A Graph Width Perspective on Partially Ordered Hamiltonian Paths and Cycles II: Vertex and Edge Deletion Numbers

Authors: Jesse Beisegel, Katharina Klost, Kristin Knorr, Fabienne Ratajczak, and Robert Scheffler

Published in: LIPIcs, Volume 358, 20th International Symposium on Parameterized and Exact Computation (IPEC 2025)

Abstract

We consider the problem of finding a Hamiltonian path or cycle with precedence constraints in the form of a partial order on the vertex set. We study the complexity for graph width parameters for which the ordinary problems Hamiltonian Path and Hamiltonian Cycle are in FPT. In particular, we focus on parameters that describe how many vertices and edges have to be deleted to become a member of a certain graph class. We show that the problems are W[1]-hard for such restricted cases as vertex distance to path and vertex distance to clique. We complement these results by showing that the problems can be solved in XP time for vertex distance to outerplanar and vertex distance to block.

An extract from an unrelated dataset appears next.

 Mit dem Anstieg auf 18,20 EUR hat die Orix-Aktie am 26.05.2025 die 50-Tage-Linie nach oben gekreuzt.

Furthermore, we present some FPT algorithms, e.g., for edge distance to block. Additionally, we prove para-NP-hardness when considered with the edge clique cover number.

Cite as

Jesse Beisegel, Katharina Klost, Kristin Knorr, Fabienne Ratajczak, and Robert Scheffler. A Graph Width Perspective on Partially Ordered Hamiltonian Paths and Cycles II: Vertex and Edge Deletion Numbers. In 20th International Symposium on Parameterized and Exact Computation (IPEC 2025). Leibniz International Proceedings in Informatics (LIPIcs), Volume 358, pp. 30:1-30:19, Schloss Dagstuhl – Leibniz-Zentrum für Informatik (2025)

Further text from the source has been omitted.